> RECORDED DATA
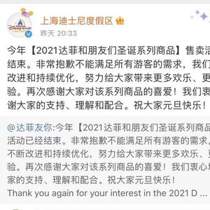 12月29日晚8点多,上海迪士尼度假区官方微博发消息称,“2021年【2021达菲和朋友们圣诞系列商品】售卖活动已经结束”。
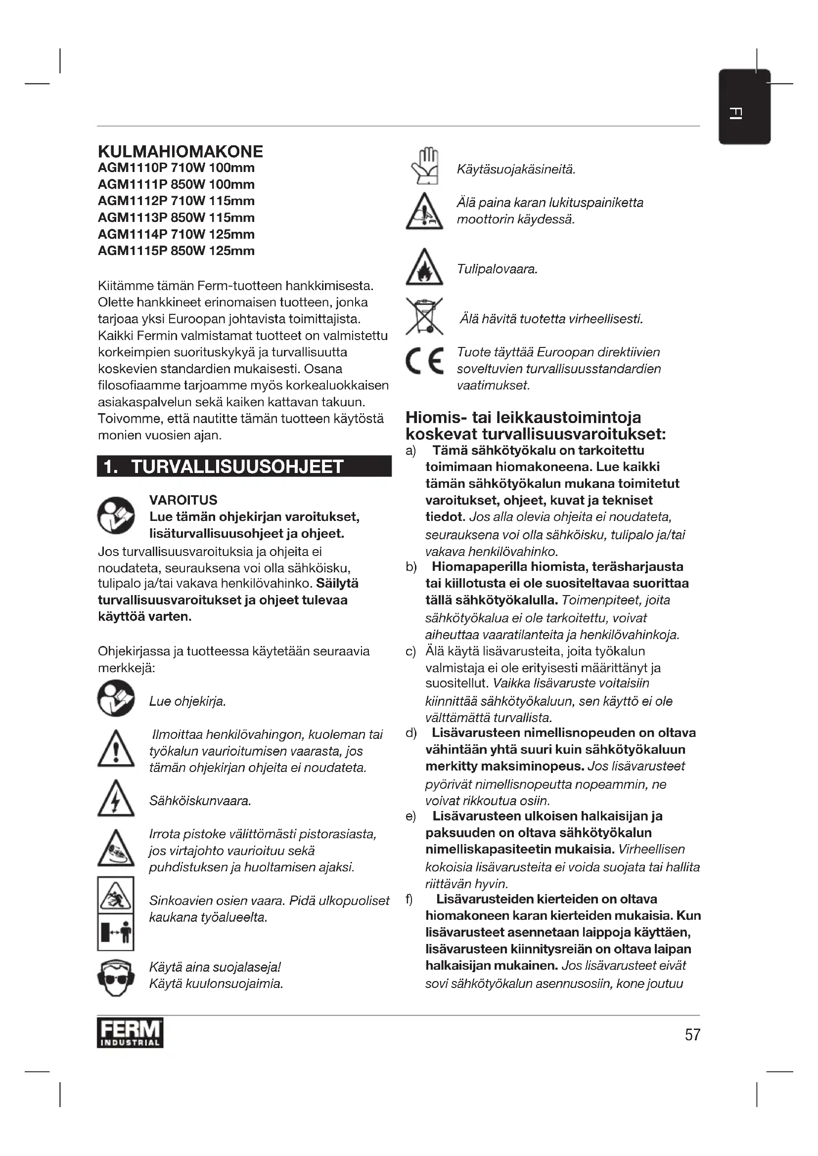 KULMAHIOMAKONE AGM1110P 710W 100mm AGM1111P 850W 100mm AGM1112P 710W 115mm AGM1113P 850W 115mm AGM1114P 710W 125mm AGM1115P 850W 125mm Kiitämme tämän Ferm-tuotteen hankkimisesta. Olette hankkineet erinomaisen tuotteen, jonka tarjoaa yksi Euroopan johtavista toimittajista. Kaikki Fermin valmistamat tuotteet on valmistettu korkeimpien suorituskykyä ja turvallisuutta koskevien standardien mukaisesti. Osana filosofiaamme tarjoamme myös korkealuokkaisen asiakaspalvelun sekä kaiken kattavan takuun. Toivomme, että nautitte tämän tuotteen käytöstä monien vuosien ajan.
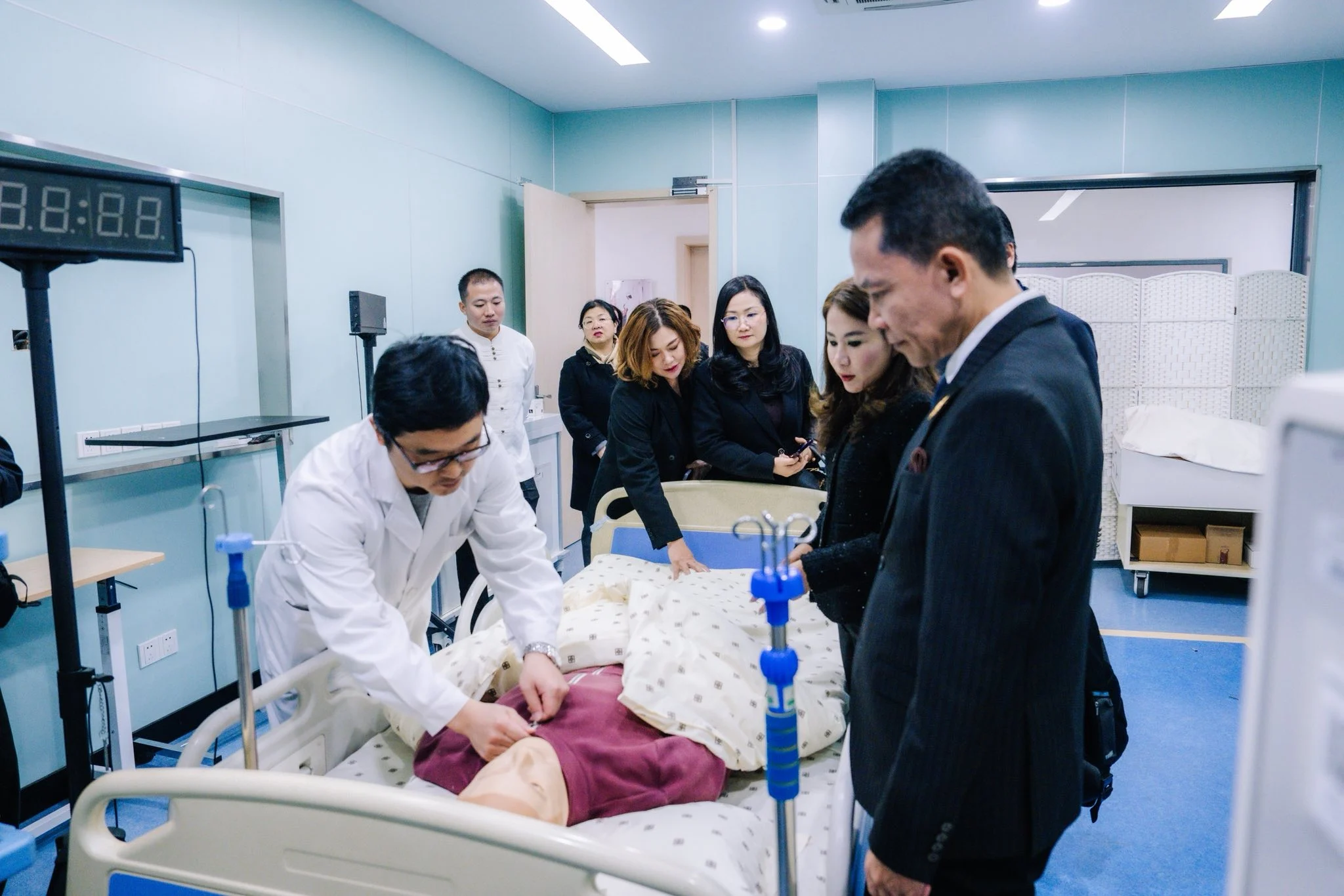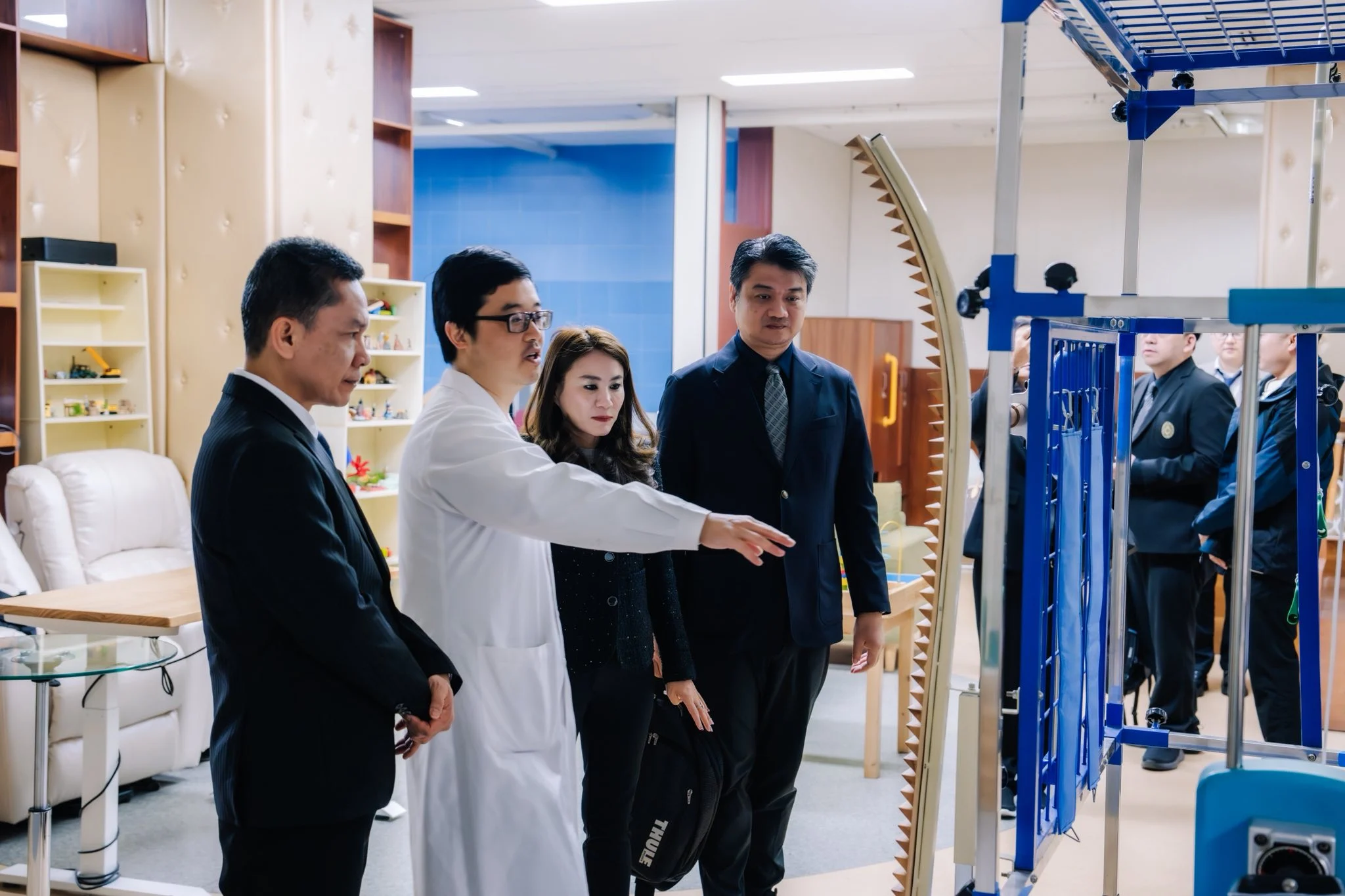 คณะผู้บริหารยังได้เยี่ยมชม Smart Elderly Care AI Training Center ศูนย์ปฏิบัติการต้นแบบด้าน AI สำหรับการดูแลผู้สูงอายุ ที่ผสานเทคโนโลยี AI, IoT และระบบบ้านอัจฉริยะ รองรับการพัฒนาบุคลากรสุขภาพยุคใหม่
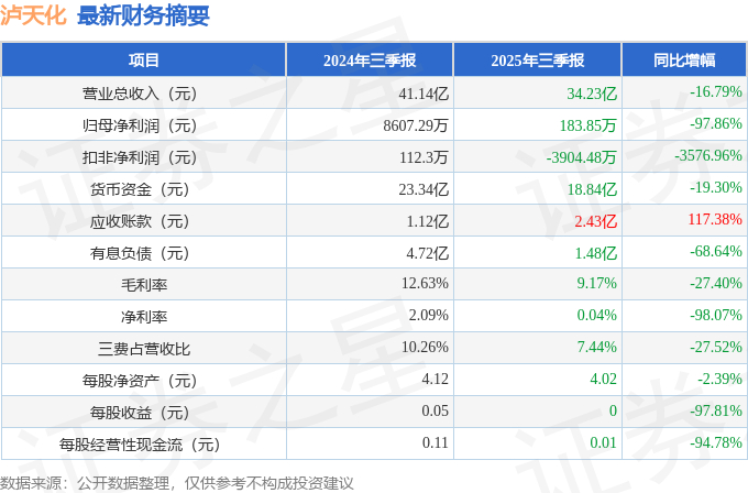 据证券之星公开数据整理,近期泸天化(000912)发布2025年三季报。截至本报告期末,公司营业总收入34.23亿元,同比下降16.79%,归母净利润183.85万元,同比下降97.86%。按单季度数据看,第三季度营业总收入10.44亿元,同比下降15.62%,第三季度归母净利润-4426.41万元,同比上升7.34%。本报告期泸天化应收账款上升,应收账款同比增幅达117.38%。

--

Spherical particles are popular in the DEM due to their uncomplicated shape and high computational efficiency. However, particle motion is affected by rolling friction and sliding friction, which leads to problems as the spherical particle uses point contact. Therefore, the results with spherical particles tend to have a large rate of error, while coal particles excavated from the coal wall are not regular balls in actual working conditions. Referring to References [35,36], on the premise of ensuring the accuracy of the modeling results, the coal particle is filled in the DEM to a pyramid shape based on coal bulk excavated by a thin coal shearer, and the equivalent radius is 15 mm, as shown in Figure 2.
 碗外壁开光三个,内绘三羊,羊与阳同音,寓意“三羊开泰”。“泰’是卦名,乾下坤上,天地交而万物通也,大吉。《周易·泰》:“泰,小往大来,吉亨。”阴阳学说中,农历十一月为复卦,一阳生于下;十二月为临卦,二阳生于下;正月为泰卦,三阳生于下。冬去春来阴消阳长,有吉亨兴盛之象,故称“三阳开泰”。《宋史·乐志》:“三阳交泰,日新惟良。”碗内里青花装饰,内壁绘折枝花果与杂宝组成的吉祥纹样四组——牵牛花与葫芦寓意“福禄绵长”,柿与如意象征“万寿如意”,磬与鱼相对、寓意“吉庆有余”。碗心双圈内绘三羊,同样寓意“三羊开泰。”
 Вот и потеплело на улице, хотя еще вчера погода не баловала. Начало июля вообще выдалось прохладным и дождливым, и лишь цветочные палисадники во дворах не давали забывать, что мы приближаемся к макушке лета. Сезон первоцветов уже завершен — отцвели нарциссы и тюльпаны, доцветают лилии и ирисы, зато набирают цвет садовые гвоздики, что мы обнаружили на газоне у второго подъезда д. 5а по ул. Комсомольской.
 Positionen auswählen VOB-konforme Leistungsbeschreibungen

* * *

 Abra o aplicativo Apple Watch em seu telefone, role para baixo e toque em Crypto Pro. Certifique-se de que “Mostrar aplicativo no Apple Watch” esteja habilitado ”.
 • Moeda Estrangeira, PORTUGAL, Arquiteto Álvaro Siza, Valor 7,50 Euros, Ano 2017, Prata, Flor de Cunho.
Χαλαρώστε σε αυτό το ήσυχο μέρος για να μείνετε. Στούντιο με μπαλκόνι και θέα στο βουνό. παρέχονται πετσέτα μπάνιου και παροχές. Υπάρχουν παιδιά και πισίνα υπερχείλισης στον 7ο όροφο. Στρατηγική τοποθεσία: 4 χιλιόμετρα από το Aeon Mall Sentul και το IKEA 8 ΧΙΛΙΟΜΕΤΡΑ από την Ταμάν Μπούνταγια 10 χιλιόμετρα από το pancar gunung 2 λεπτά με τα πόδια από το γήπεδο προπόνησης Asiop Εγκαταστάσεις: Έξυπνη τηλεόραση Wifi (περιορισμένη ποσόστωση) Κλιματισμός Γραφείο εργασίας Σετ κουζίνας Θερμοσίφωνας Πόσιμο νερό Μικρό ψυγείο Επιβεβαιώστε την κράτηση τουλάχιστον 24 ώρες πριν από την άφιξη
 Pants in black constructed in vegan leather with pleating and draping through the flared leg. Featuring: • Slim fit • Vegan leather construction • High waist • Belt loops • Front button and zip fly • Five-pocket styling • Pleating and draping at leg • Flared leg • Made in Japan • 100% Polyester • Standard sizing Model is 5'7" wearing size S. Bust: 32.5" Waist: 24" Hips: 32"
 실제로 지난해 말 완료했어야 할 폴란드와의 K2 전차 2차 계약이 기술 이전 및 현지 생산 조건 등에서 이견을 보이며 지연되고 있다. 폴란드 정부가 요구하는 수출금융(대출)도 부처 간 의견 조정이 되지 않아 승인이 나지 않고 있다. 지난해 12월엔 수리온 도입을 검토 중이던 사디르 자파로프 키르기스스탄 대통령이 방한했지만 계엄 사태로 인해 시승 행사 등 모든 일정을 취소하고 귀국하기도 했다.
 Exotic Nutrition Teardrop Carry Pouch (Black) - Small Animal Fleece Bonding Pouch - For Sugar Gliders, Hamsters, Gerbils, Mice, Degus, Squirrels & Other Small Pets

> ACTIVITY
Repeat, exactly as they stand above, the lines from the line with "Вот и потеплело" to the line with "Positionen auswählen VOB-konforme", both lines included.

> EXPECTED ANSWER
 Вот и потеплело на улице, хотя еще вчера погода не баловала. Начало июля вообще выдалось прохладным и дождливым, и лишь цветочные палисадники во дворах не давали забывать, что мы приближаемся к макушке лета. Сезон первоцветов уже завершен — отцвели нарциссы и тюльпаны, доцветают лилии и ирисы, зато набирают цвет садовые гвоздики, что мы обнаружили на газоне у второго подъезда д. 5а по ул. Комсомольской.
 Positionen auswählen VOB-konforme Leistungsbeschreibungen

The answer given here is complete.